Mary-Ellen Carroll

Mary Ellen Carroll’s (MEC, studios) prolific career as a conceptual artist spans more than twentyyears and occupies the disciplines of architecture/design and public policy, writing, performance and film. The foundation of the practice is the investigation of a single, fundamental question: what do we consider a work of art? Carroll frequently works with unsuspecting materials that range from public policy and land use to unused television frequencies as a form of 21st century land art, albeit the valuable and non-visible real estate of radio frequency.

She is the recipient of numerous grants and honors, including the Berlin Prize at the American Academy in Berlin for 2016, a Graham Foundation Fellowship for prototype 180 and the AIA’s Artist of the Year Award. She has received a Guggenheim Fellowship, a Pollack/Krasner Award, a Rockefeller Foundation Fellowship and a MacDowell Colony Fellowship. Her work has been exhibited at numerous American and international galleries, including the Whitney Museum-New York, Generali Foundation-Vienna,Austria, Jacobs Museum-Zurich, Switzerland, ICA Philadelphia, the Renaissance Society-Chicago, ICA-London, Museum für Völkerkunde-Munich, MOMUK-Vienna.

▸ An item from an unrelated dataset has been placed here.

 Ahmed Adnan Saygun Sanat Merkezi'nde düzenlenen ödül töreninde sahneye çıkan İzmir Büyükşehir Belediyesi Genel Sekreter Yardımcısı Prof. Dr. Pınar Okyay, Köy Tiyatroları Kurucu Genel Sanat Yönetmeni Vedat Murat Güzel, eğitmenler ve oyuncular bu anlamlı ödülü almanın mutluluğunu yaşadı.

Her work belongs to in numerous public and private collections.

 Teaching, lecturing and public presentations are an important part of Carroll’s work and educational institutions have included architecture and public policy programs at Rice University in Houston, Columbia University in New York, University of California at Irvine, Pusan National University, Busan, South Korea amongst others. Cultural institutions have included: The DIA Art Foundation-New York, MOMA-New York, Museum of Fine Arts-Houston, Alserkal Avenue-Dubai, Busan Museum of Modern Art-South Korea and many others.

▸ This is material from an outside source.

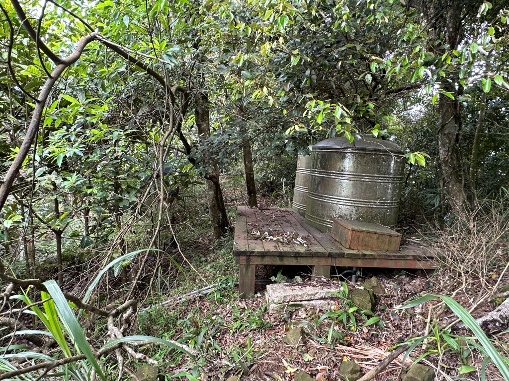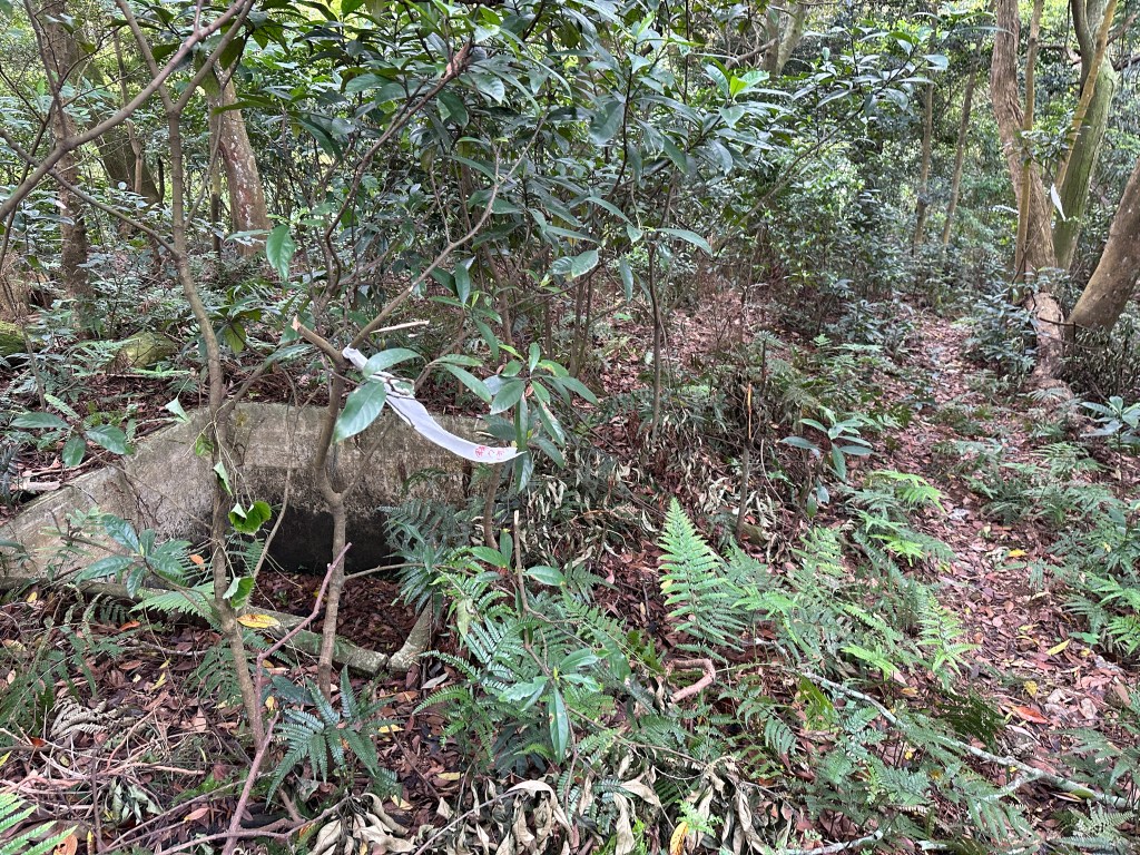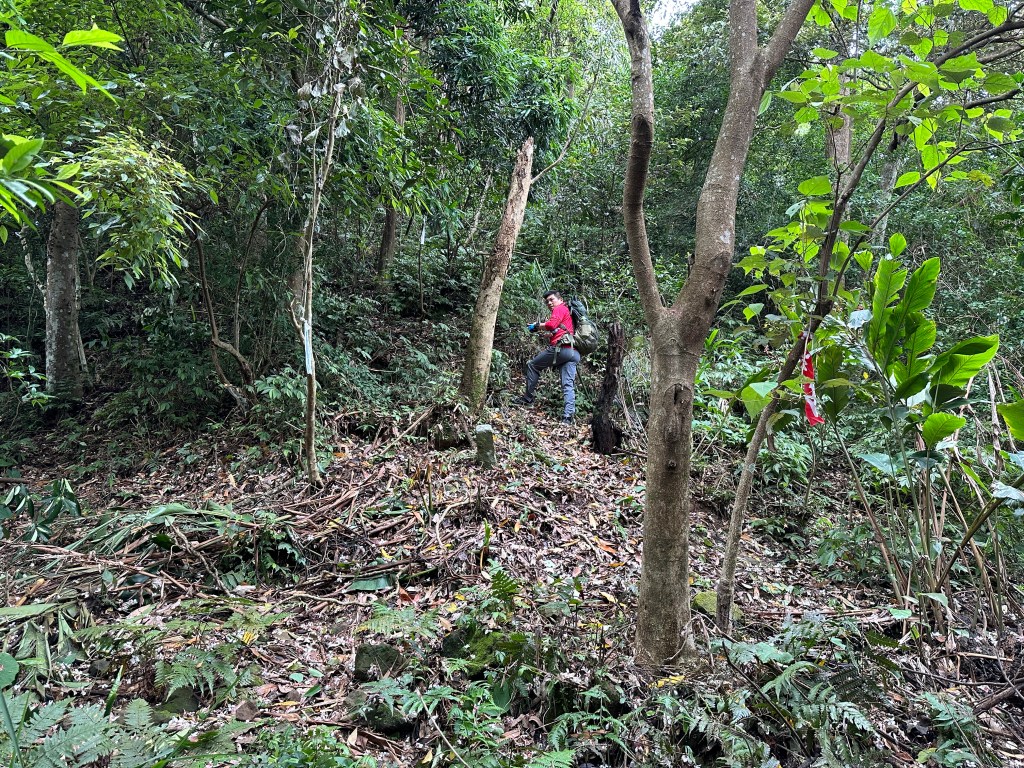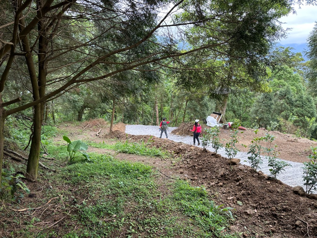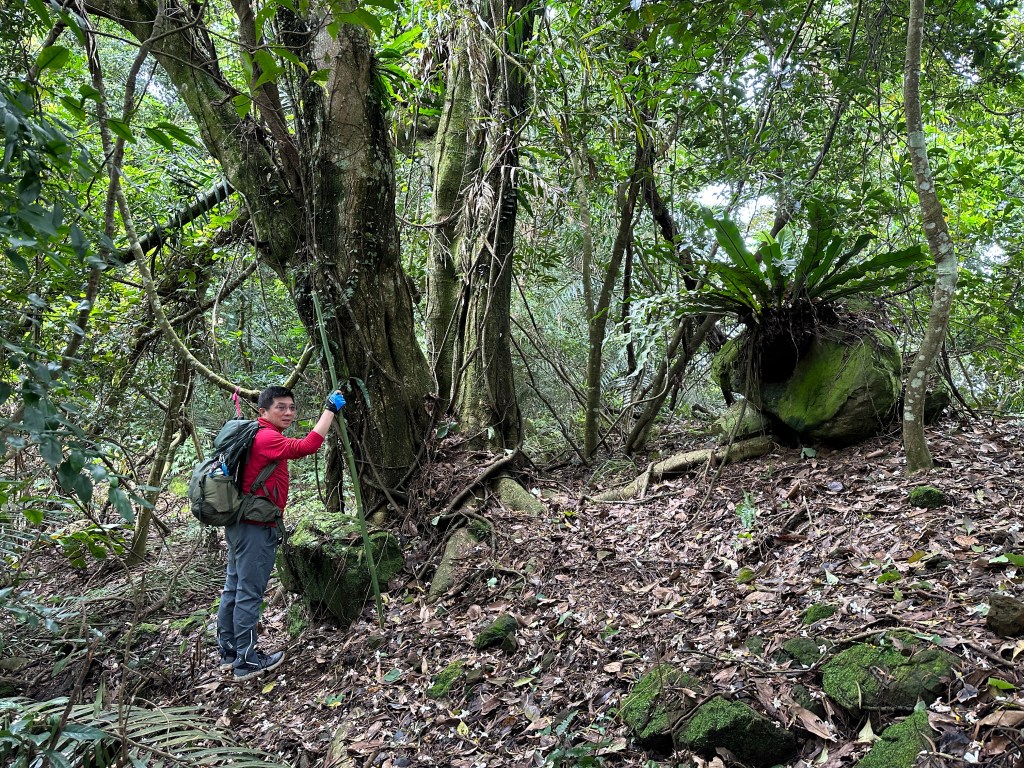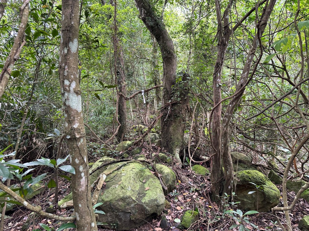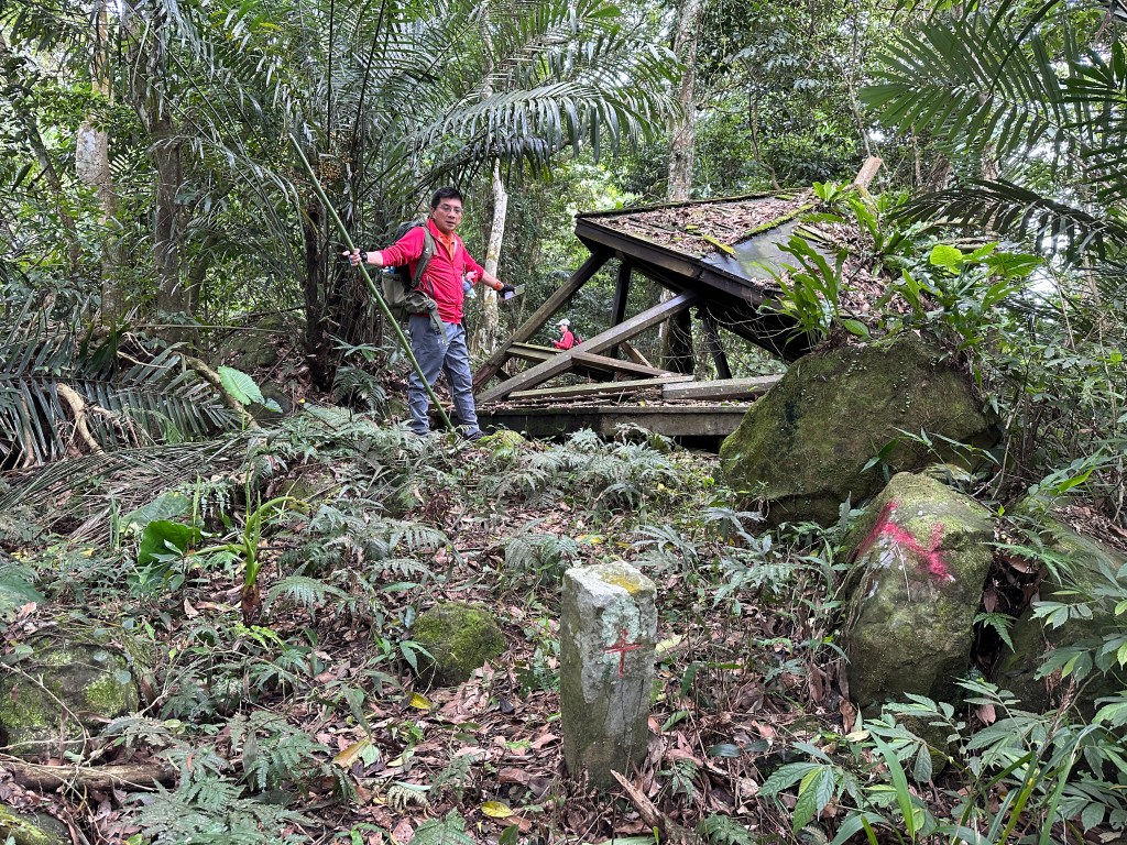 因此,三人決定退出改由產業道路繞大圈一些,由離線地圖上看到假山頭之間兩端皆有產業道路,中間有一小段約差了100m的距離就可接上?但離線地圖上來看是沒有軌跡路線的?因此,我們三人想嘗試突破看看?要先由一小木屋旁開始陡上,走沒幾部,就發現到這一小段的陡上路徑,在豐厚植披底下仔細撥弄居然可以看到有小石階鋪成的老舊階梯,但不知有多久沒人走過?

Carroll’s ongoing opus prototype 180 is a conceptual work of art and urban alteration that entails a radical form of renovation through the physical revolution and reoccupation of a single family house in the aging, first ring subdivision of Sharpstown in Houston, Texas. In conception and planning for over 10 years, the project is temporally, physically, and structurally organized around its catalytic rotational transformation. While the rotation and relocation of the house on its lot interrupt the relation of the house to its context and to existing street typologies they also signal the altered life of the house as a space devoted to a program that will address the issue of aging neighborhoods and their potential futures. prototype 180 strategically intersects conceptual art projects, social activism, urban legislation and economic processes. Its 180 degree revolution registers aesthetically against a history of critical house alterations and administratively in relation to Houston’s unregulated land use policies and its absence of zoning. It has been exhibited at Columbia University’s GSAPP, Galerie Stadtpark, Krems, Austria and the Generali Foundation, Vienna, Austria. (www.prototype180.org)

 A monograph of her work published by SteidlMACK (London and Gottingen) received the AIGA’s 2010 Book of the Year Award. Carroll was commissioned to realize Open Outcry and Ground Control that were both including in the exhibition FEAST at the Smart Museum of Art at the University of Chicago and the Blaffer Museum at the University of Houston. She realized, No. 18 an architectural insertion and rooftop gardens as a commission for the Busan Biennial in Korea that was directed by Roger Buergel who was the artistic director for Documenta 12 that is still ongoing. Her work was included in the American Pavilion for the Venice Biennale for 2014 for Architecture. Public Utility 2.0 (www.publicutility2.com) was a commission for the triennial Prospect.3 New Orleans under the artistic direction of the Perez Art Museum's Director, Franklin Sirmans and utilizes unused television frequencies as a material. She recently lectured at the DIA Foundation in NYC on the artist Fred Sandback as well as the exhibition/symposium, The Legal Medium at Yale Law School in the use of law as a medium.